Любовь на Рейне — страница 8 из 30

Ингрэм позволил себе криво усмехнуться.

— Что ж, поделом мне — не надо было позволять вам первой обращаться к нему!

— Первой? — уставилась на него Вирджиния. — Но вы ведь и сами прекрасно понимаете, что рано или поздно все это неминуемо вскрылось бы!

— Не обязательно, если бы мне хватило ума попросить Карла по своей инициативе не поднимать данный вопрос. Разумеется, если бы вы прямо спросили его об этом, то он, как адвокат, был бы вынужден сказать вам правду.

— То есть вы что, пошли бы на организацию заговора с целью сокрытия этого факта от меня? Но зачем? Я не понимаю!..

— И до тех пор, пока не поняли бы, вас этот вопрос продолжал бы волновать?

— Ну конечно. Вам-то какая корысть изображать дело так, будто в юридическом смысле мы поддерживаем друг с другом полностью равноправные отношения, тогда как на самом деле это не так? Ради Бога, скажите, что это вам дает? — озадаченно повторила Вирджиния.

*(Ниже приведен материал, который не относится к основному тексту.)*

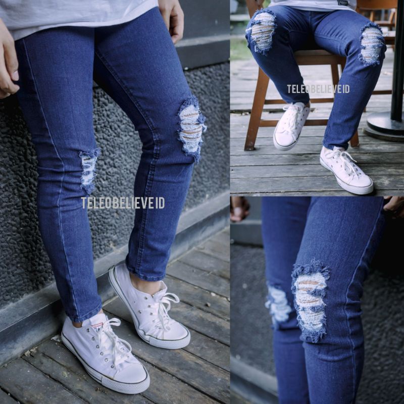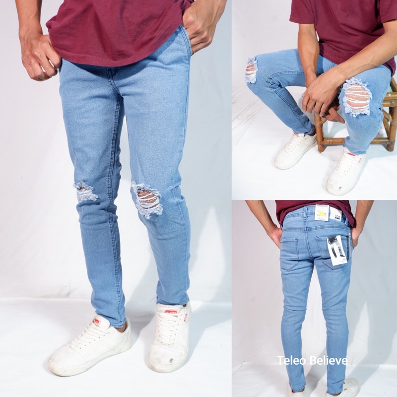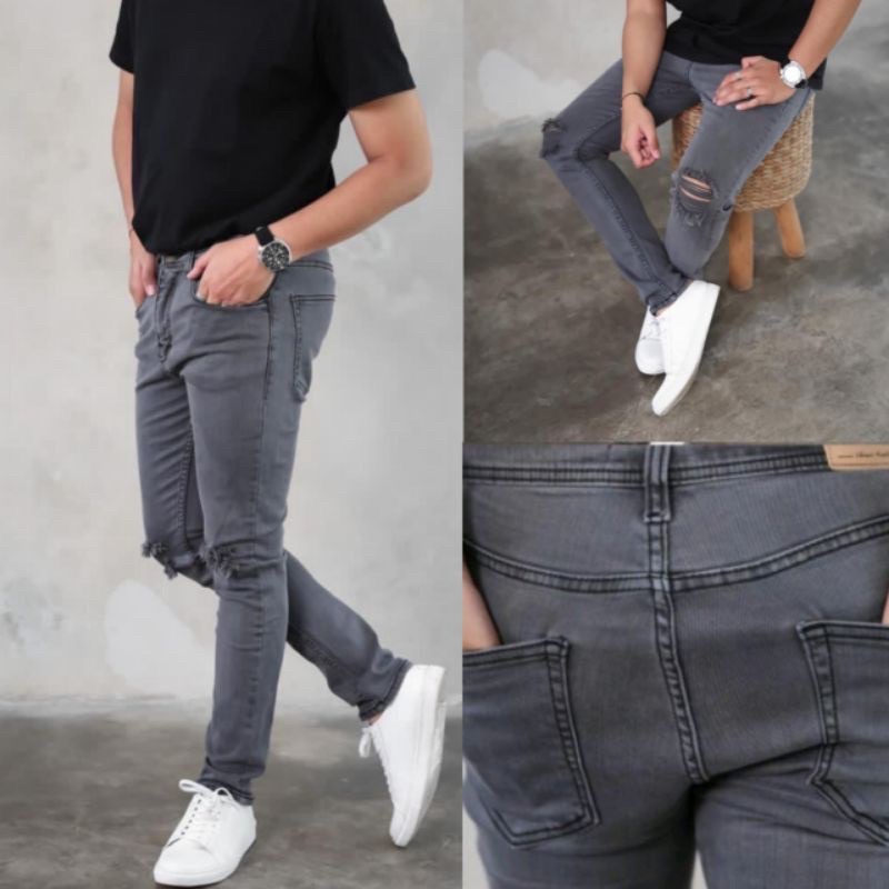 (Gratis Ongkir) Celana Jeans sobek lutut robek ripped Hitam destroy premium

Он покачал головой с таким видом, словно отчаялся уже что-либо ей растолковать.

— Судя по всему, вы не склонны доверять даже своей собственной тени, не так ли? Ну что ж, отныне, как мне представляется, вы уже можете начинать это делать. Так вот, в своей основе вся эта затея и не должна была принести мне какую-то личную выгоду. Более того, если бы она сработала, то тем самым оказала бы конкретную пользу в первую очередь вам самой. Идея же заключалась: в том, чтобы дать вам понять, будто мы с вами располагаем друг перед другом равными правами. Иными словами, что в течение ближайших пяти лет я привязан к вам в такой же степени, как и вы ко мне.

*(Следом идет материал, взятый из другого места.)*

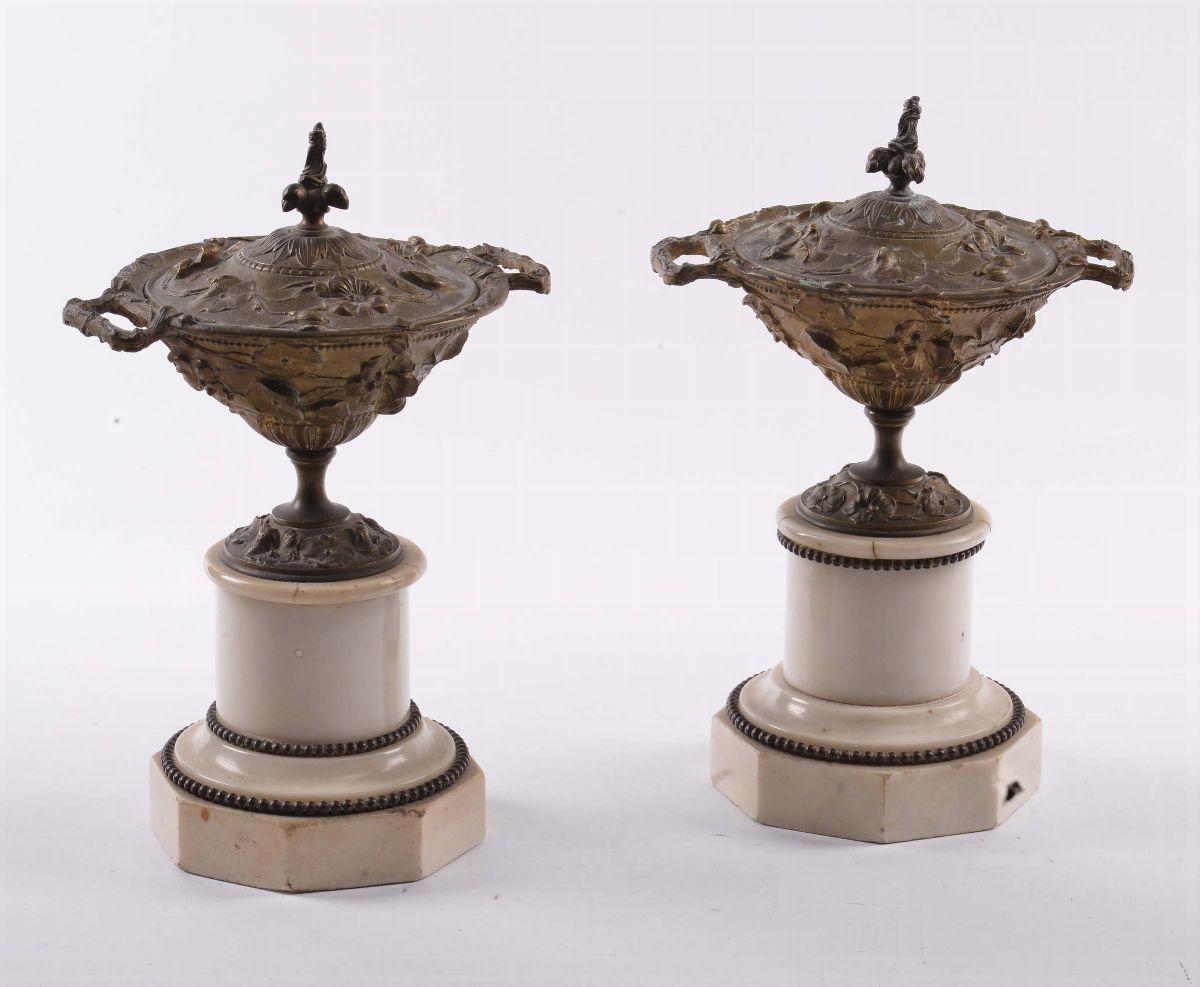 Coppia di coppette in bronzo e marmo con coperchio

Вирджиния нахмурилась, обдумывая услышанное.

— Вы хотите сказать, что, по вашему мнению, я бы чувствовала себя неспокойно, если бы знала, что вы располагаете некоторым преимуществом передо мной, обладая правом в конце каждого года покинуть «Вайнберг» — даже за одну-две недели до истечения этого срока, — тогда как я не вправе аналогичным способом расстаться с вами?

— Ну, что-то в этом роде. Возможно, вам подобный ход мыслей покажется несколько запутанным, однако мне самому казалось, что таким образом я избавлю вас по крайней мере от одной головной боли из-за моей возможности внезапно заявить об уходе и покинуть вас.

Значит, он думал о ней! — догадалась Вирджиния и проговорила:

— Весьма любезно с вашей стороны. Значит, я могу истолковать ваши слова так, что вы не намерены принимать неожиданного решения об уходе, не согласовав его предварительно со мной?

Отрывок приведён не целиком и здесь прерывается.